Problem statement>
Print the lines from the one containing "Loose-fit outerwear blending" through the end of the material below, both included, exactly as they appear and without pictures.

Data shown>
--------------------
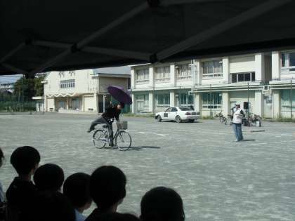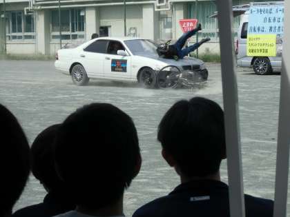 スケアードストレートといって、事故を目前で見ることで交通安全について学びました。 実際に自転車と車の事故、トラックに巻き込まれる自転車、自転車同士の衝突、傘さし運転、自転車のスマホ運転など、どこか他人事と思って、やってしまうかもしれない行動が重大な事故につながる可能性があることを改めて学びました。 実際に車と自転車がぶつかる音や迫力はとてもすごかったです。 生徒のため、危険な事故の現場を再現してくださったスタントの方々、 暑い中生徒のために、テント張りをしていただいたPTAの方々 ありがとうございました。 2学期中間考査終了
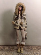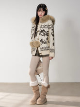 Loose-fit outerwear blending vintage Fair Isle patterns with a detachable fur collar and classic toggle closures. Cozy yet refined, with delicate detailing and a warm winter aesthetic inspired by traditional collegiate style.
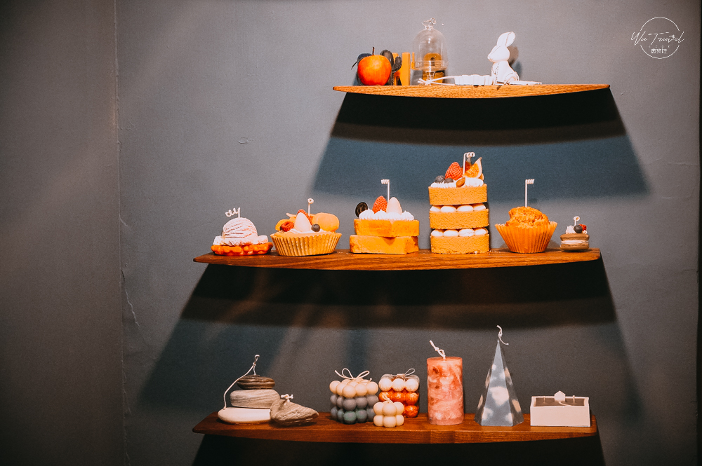 小小弄宅櫥窗使用木製與玻璃櫃製成,裡頭放的甜點都是用蠟燭仿製真品甜點而成,相似度超高。
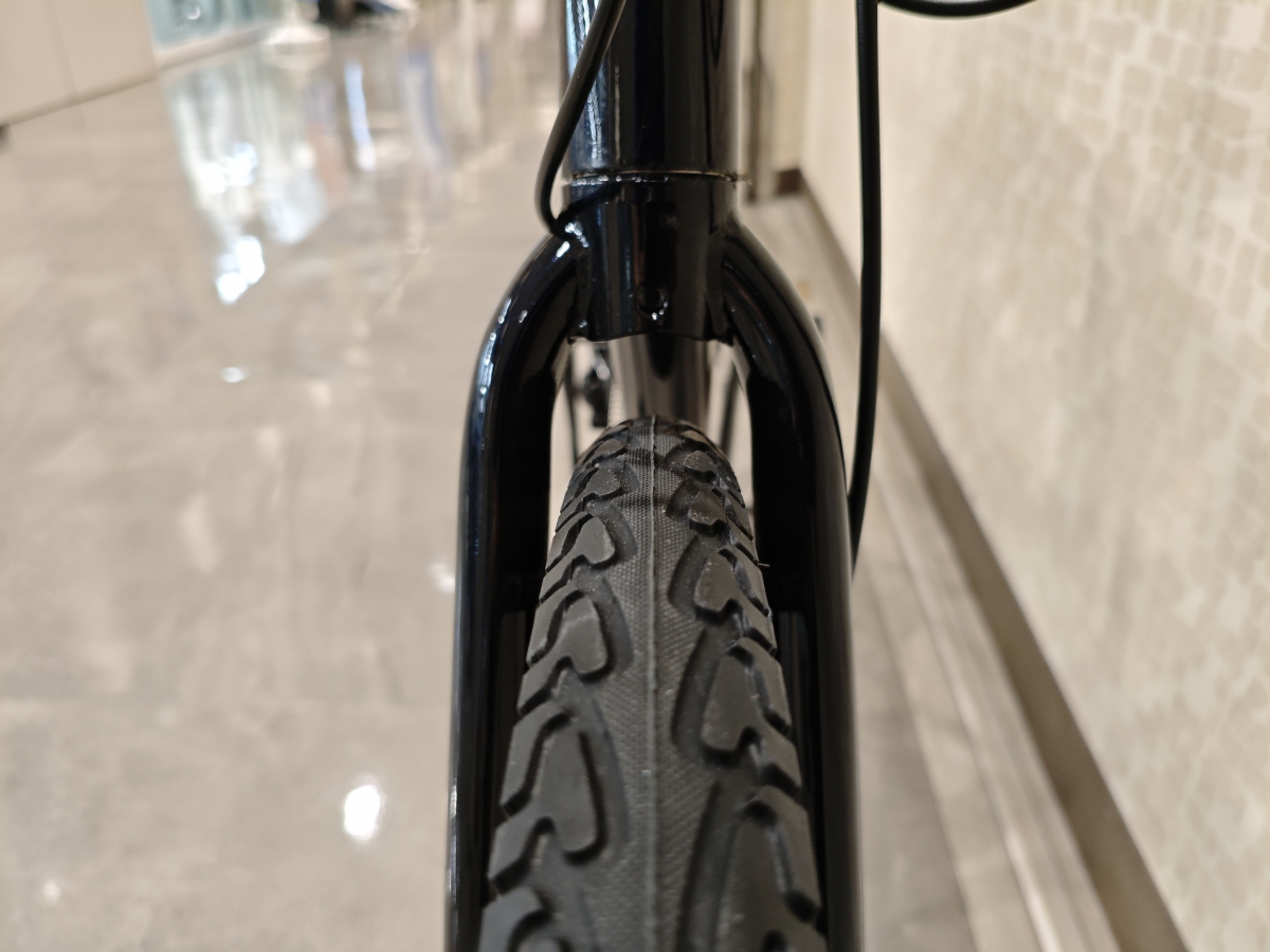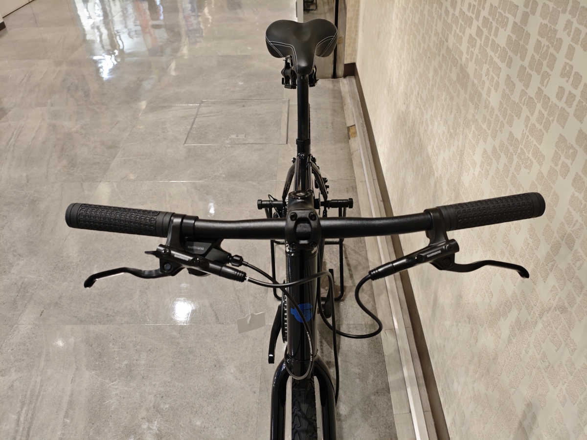 ハンドルは540mm幅のフラットバーが採用されています。幅が広い方ではありませんが、タウンライドでは適度にコンパクトな方がストレスが少ないと感じます。フロントにラック取付などを検討されるのであれば、もう少し幅は欲しくなるかもしれないので、その場合はハンドル交換もおすすめですよ。
--------------------
Response for this exercise>
 Loose-fit outerwear blending vintage Fair Isle patterns with a detachable fur collar and classic toggle closures. Cozy yet refined, with delicate detailing and a warm winter aesthetic inspired by traditional collegiate style.
 小小弄宅櫥窗使用木製與玻璃櫃製成,裡頭放的甜點都是用蠟燭仿製真品甜點而成,相似度超高。
 ハンドルは540mm幅のフラットバーが採用されています。幅が広い方ではありませんが、タウンライドでは適度にコンパクトな方がストレスが少ないと感じます。フロントにラック取付などを検討されるのであれば、もう少し幅は欲しくなるかもしれないので、その場合はハンドル交換もおすすめですよ。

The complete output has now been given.